=== COLLECTED DATA ===

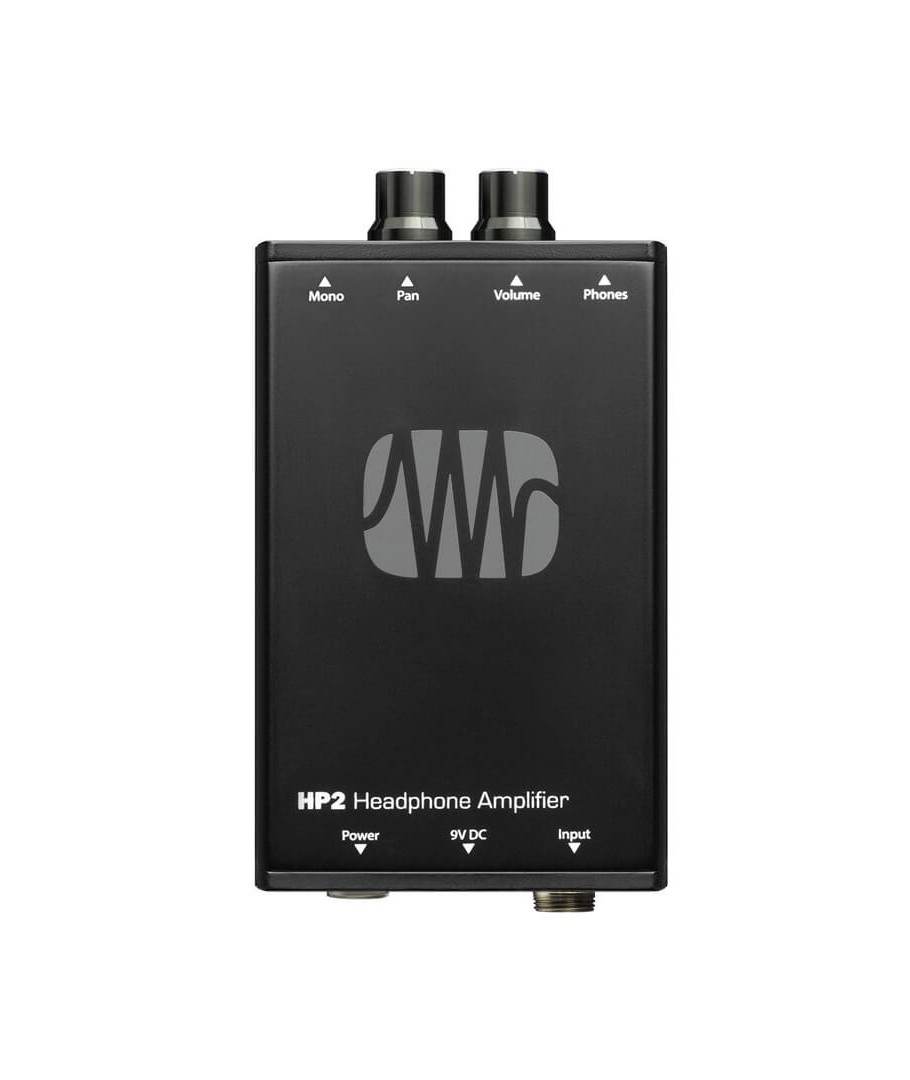 PRESONUS HP2. Amplificador de auriculares diseñado para grabación movil y monitorización in-ear. Posee dos entradas de linea XLR hembra (a través de un cable de 2m incluído) y una salida de auriculares estéreo de minijack con control de volumen. Puede usarse tanto en estéreo como en mono y elegir la panorámica. También se puede montar en un pie de micro o llevarlo en el cinturón. Se alimenta por una batería de 9V (no incluído) pero también tiene la opción de conectarlo con un adaptador de corriente (9VDC, 40mA)
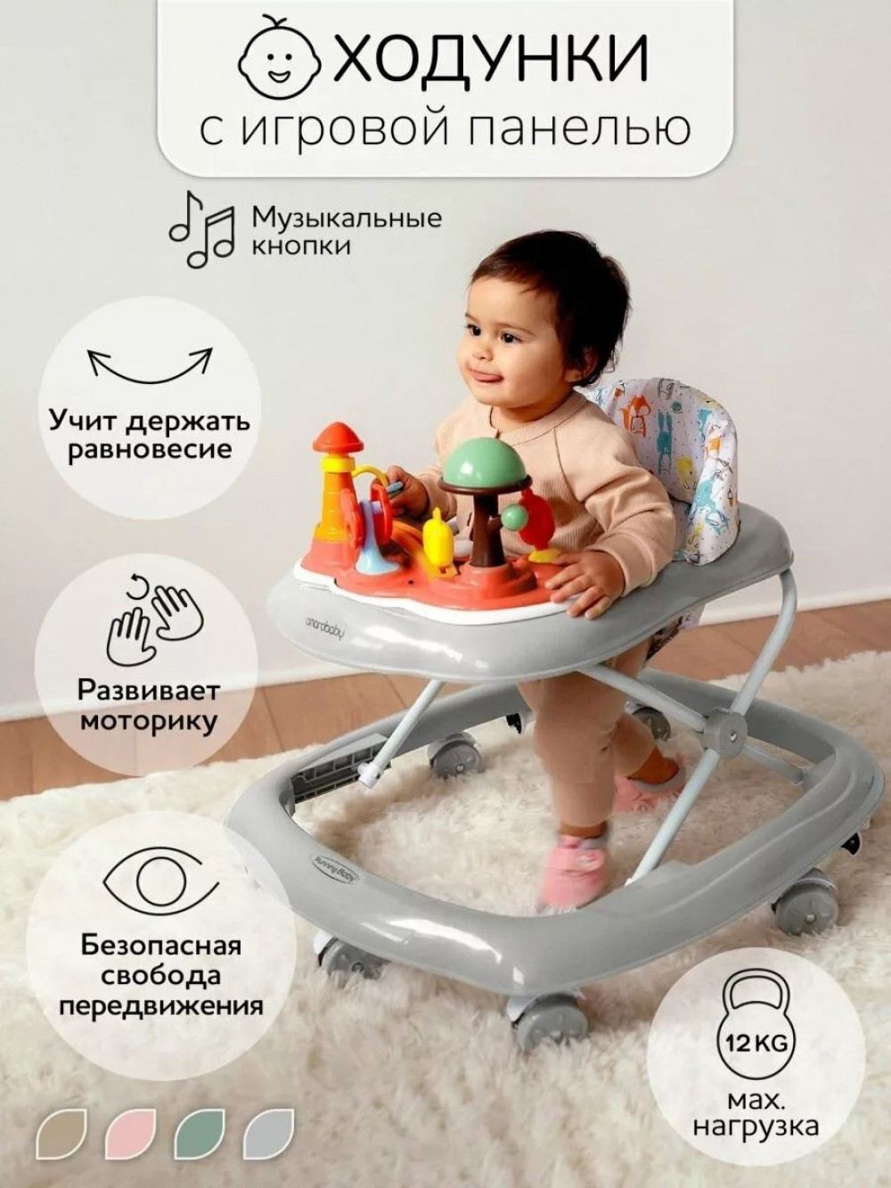Ходунки Amarobaby Running Baby серый
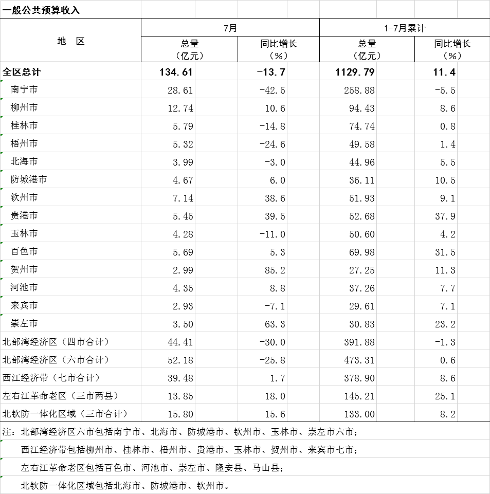 2023年1-7月广西分市分区域一般公共预算收入

===

__WORK TASK__:
From the line containing "Ходунки Amarobaby Running Baby серый" down to the final line of the material, restate every line word for word, and only those; drop the pictures.

__FINISHED EXERCISE__:
Ходунки Amarobaby Running Baby серый
 2023年1-7月广西分市分区域一般公共预算收入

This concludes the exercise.